As Mr Branton explains. “The manufacturing, transportation, construction and demolition of buildings is a big contributor to global carbon emissions, and to be truly sustainable you should build what you need. 

“We must also think twice before demolishing existing buildings. As architects, we are helping clients whose requirements have changed, or where they are outgrowing their existing premises, to consider rethinking, redesigning and repurposing what they have, to meet their new needs. 

“However, although repurposing old buildings is better for sustainability, it often comes at a cost for the client, and that’s not just due to materials and design. 

“When building something new, the client doesn’t pay VAT. Yet if you are extending or reconfiguring existing accommodation, 20% VAT is added to the bottom line. Change of use, or repurposing, attracts a slightly lesser rate of 5%, but essentially if we want developers and clients to prioritise sustainability and the reuse of old buildings, this disparity needs to be addressed at Government level. 
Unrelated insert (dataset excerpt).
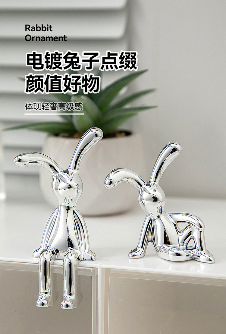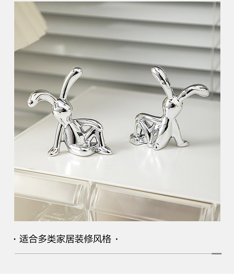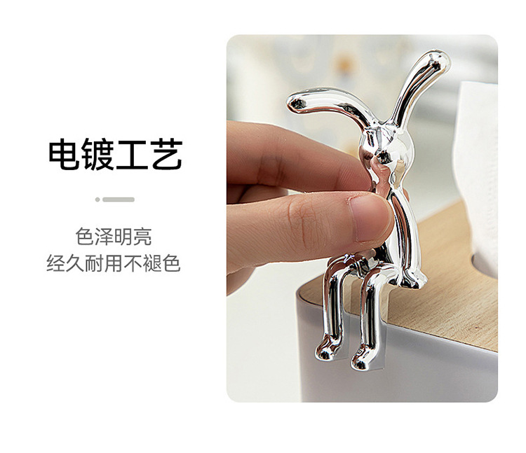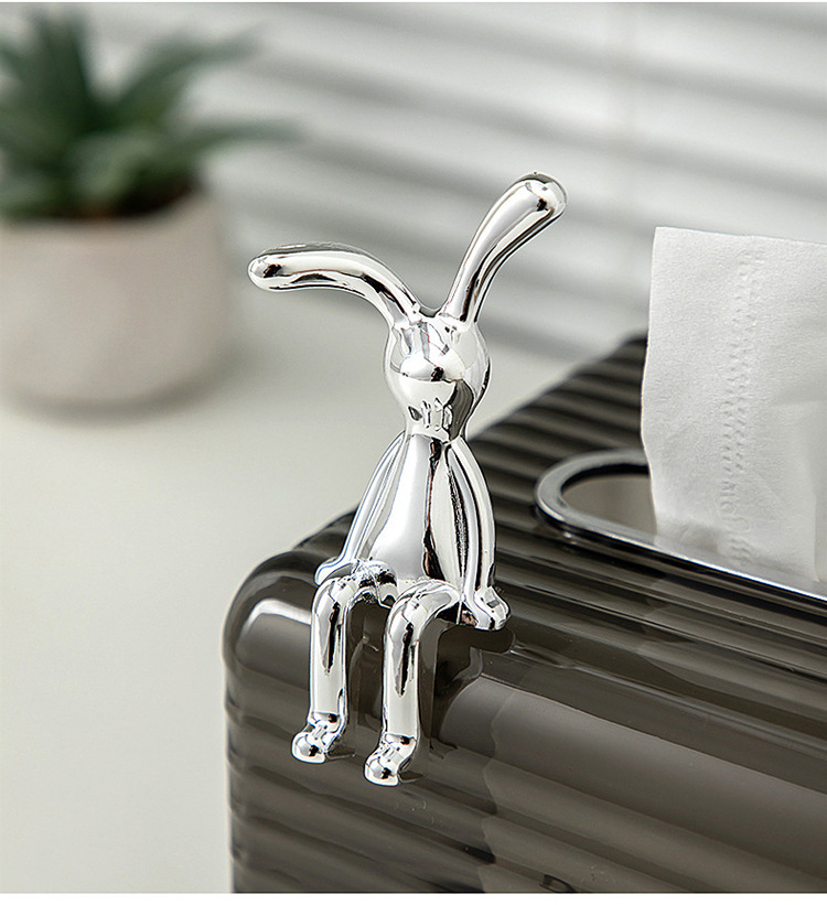 高級感のあるモダンな電気メッキのクリエイティブなウサギのベッドサイドテーブル飾り、軽奢なリビングルームのトレンディなアイテム、車載テレビキャビネット、ティッシュボックス

“The mantra of the moment is to ‘reduce, reuse and recycle’. Rather than hindering creativity, recycling old buildings offers architects opportunities to reanimate unique spaces, engage with architectural traditions, and build off the legacies of established sites. 

“When it comes to sustainable design, the future is not just about creating new eco buildings that are carbon neutral, but it is about how we as architects, can play a role in revitalising communities, where we live, work and play.”